I thank the hon. Lady for that intervention. We are saying that there is a family visa scheme that exists but that is not operational, so we have to make it operational. We are proposing the method of in-principle assessment, followed by assistance, so that we can then have the biometric tests in a visa application centre.
The UK Government must continue to push for an immediate ceasefire, the immediate release of all hostages, and immediate and unimpeded aid to Gaza, and to work towards a two-state solution, with a safe and secure Israel alongside a viable and sovereign Palestinian state.
It is a pleasure to serve under your chairmanship, Mr Hollobone.
It is fair to say that all of us in this House are deeply concerned and moved by events in the middle east. The barbaric attack perpetrated on 7 October by Hamas was an affront to humanity. At the same time as we condemn Hamas, lament the loss of life they inflicted and demand the release of the hostages, we are also united in our horror at the civilian casualties and the scale of the suffering in Gaza. Israel has a right—indeed, a responsibility—to defend itself against the threat from terrorists. As we have made clear repeatedly, it is important that it does so in accordance with international humanitarian law. I reiterate that point today.

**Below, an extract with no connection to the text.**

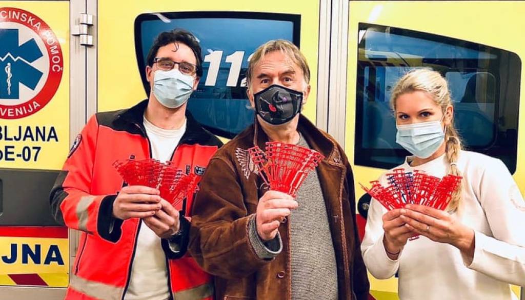Wuhobrane je zdravstvenim delavcem v UKC Ljubljana dostavil Jonas Žnidaršič, ki sodeluje pri projektu.
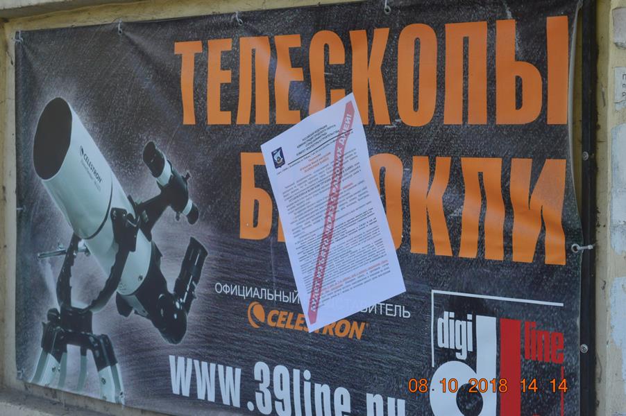 На сайте администрации размещено уведомление о недопустимости нарушения законодательства о рекламе и в сфере благоустройства. Такие же уведомления разосланы в калининградские отделения союзов архитекторов, строителей, предпринимателям. Они же вручаются нарушителям сотрудниками отдела рекламы в ходе их ежедневной работы.

Hon. Members will be aware that the Government have mounted, and continue to mount, a large-scale effort to facilitate the flow of aid that is so desperately needed. As the Deputy Foreign Secretary said in the House less than a week ago,
“We want to see an end to the fighting as soon as possible… the fastest way to end the conflict is to secure a deal that gets the hostages out and allows for a pause in the fighting in Gaza. We must then turn that pause into a sustainable, permanent ceasefire.
Regarding the situation in Rafah, our position has been consistent. We are deeply concerned about the prospect of a military incursion, given the number of civilians who are sheltering there and the importance of that entry point for aid. Entry points for humanitarian aid, including Kerem Shalom, must be reopened quickly to allow aid in. Israel must facilitate immediate, uninterrupted humanitarian access in the south, especially the entry of fuel, and ensure the protection of civilians and safe passage for those who wish to leave Rafah. As yet, we have not seen a credible plan to protect civilians…
In parallel, we continue to push as hard as we can to get much-needed aid into Gaza via vital land routes, alongside sea and air, to alleviate the suffering. Israel has now committed to significant steps to increase the amount of aid getting into Gaza.”—[Official Report, 7 May 2024; Vol. 749, c. 443.]
The Minister has outlined the many threats and dangers that innocent civilians in Rafah are facing. Does he not accept that he is actually making the case for the Government to introduce a Gaza family visa scheme?
I will come on to address various points that have been made during the course of the debate today, and I will answer the various questions that have been asked about the Government’s position on this issue. It is of course the case that we continue to keep under close review the arrangements that we have in place, as Members would expect. I will also ensure that the various wider points that are pertinent to colleagues in the Foreign Office are raised directly with them following this debate. It is important that the points made by the House that are directly relevant to Foreign Office colleagues and their diplomatic engagement with leaders overseas, as well as the Israeli Government and others, are properly heard.
The Minister is being very generous in giving way for a third time. Would he accept that, given the estimates from charities that there are 17,000 orphans, we are dealing with an extreme situation, and that there should therefore be a special scheme in this regard, especially given our historic link with the region and with this particular conflict?
One of the points that I was particularly struck by in various remarks during the course of the debate was the issue of admitting children to UK hospitals to access treatment and support. Presently we have not received any specific applications, but we understand that NGOs—such as the International Committee of the Red Cross—are able to support those requiring urgent medical treatment out of Gaza. Likewise, Children Not Numbers supports children in Gaza to secure evacuation and delivers aid to families. If applications come forward, they will be treated with the utmost seriousness, in the way that I think the House would want to see; I undertake to give very careful consideration to any applications that come forward in that regard.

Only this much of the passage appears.